Batasan untuk kategori status gizi balita menurut indeks BB/U, TB/U. BB/TB
menurut WHO dapat dilihat pada tabel “pengertian kategori status gizi balita”
(Kementerian Kesehatan RI, 2018).
Tabel 2.1.1 Klasifikasi Status Gizi Menurut WHO
Indikator Status Gizi Z-score Z-score
BB/U Gizi buruk <-3,0 SD
Gizi kurang -3,0 SD s/d <-SD
Gizi baik -2,0 SD s/d 2,0 SD
Gizi lebih >2,0 SD
TB/U Sangat pendek <-3,0 SD
Pendek -3,0 SD s/d <-2,0 SD
Normal ≥-2,0 SD
BB/TB Sangat kurus <-3,0 SD
Kurus -3,0 SD s/d <-2,0 SD
Normal -2,0 SD s/d2,0 SD

Gemuk >2,0 SD
2.1.2 Penyebab Stunting
Secara lebih detail ada beberapa faktor yang menjadi penyebab stunting dapat
digambarkan sebagai berikut (TNP2K, 2017)

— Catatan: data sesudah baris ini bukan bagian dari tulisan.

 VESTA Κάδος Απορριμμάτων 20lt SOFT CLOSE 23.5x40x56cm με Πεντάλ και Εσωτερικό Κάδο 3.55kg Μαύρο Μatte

1. Praktek pengasuhan yang kurang baik
Termasuk kurangnya pengetahuan ibu mengenai kesehatan dan gizi sebelum
dan pada masa kehamilan, serat setelah ibu melahirkan. Beberapa fakta dan
informasi yang ada menunjukkan bahwa 60% dari anak usia 0-6 bulan tidak
mendapatkan air susuibu (ASI) secara eksklusif, dan 2 dari 3 anak usia 0-24
bulan tidak menerima Makanan Pendamping Air Susu Ibu (MP-ASI). MP-
ASI diberikan/ mulai diperkenalkan ketika balita berusia diatas 6 bulan.

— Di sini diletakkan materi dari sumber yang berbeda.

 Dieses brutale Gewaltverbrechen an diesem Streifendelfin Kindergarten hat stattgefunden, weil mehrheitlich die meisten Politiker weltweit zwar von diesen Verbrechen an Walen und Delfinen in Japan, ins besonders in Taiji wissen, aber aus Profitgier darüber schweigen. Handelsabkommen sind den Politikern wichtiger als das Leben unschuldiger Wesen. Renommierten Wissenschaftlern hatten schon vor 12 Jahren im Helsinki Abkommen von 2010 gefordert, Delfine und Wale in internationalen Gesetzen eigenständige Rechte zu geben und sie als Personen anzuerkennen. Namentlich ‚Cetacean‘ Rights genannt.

Selain berfungsi untuk mengenalkan jenis makanan baru pada bayi, MP-ASI
juga dapat mencukupi kebutuhan nutrisi tubuh bayi yang tidak lagi dapat
disokong oleh ASI, serta membentuk daya tahan tubuh dan perkembangan
sistem imunologis anak terhadap makanan maupun minuman
2. Masih terbatasnya layanan kesehatan
Termasuk layanan Ante Natal Care-ANC (pelayanan kesehatan untuk ibu
selama masa kehamilan, Post Natal Care- PNC dan pembelajaran dini yang
berkualitas. Informasi yang dikumpulkan dari publikasi Kemenkes dan Bank
Dunia menyatakan bahwa tingkat kehadiran anak di posyandu semakin
menurun dari 79% di 2007 menjadi 64% di 2013 dan anak belum mendapat
akses yang memadai ke layanan imunisasi. Fakta lain adalah 2 dari 3 ibu
hamil belum mengkomsumsi suplemen zat beis yang memadai serta msih
terbatasnya akeses ke layanan pembelajaran dini yang berkualitas.
3. Masih kurangnya akses rumah tangga/keluarga ke makanan bergizi.
Hal ini dikarenkan harga makanan bergizi di Indonesai masih tergolong
mahal. Menurut beberapa sumber (RISKESDAS, 2013), komoditas makanan
di Jakarta 94% lebih mahal dibandingkan di New Delhi, India. Harga buah
dan sayuran di Indonesia lebih mahal dibangdingan dengan Singapura.
Terbatasnya akses ke makanan bergizi di indonesia juga di catat telah
berkontribusi pada 1 dari 3 ibu yang mengalami anemia.
4. Kurangnya akses air bersih dan sanitasi.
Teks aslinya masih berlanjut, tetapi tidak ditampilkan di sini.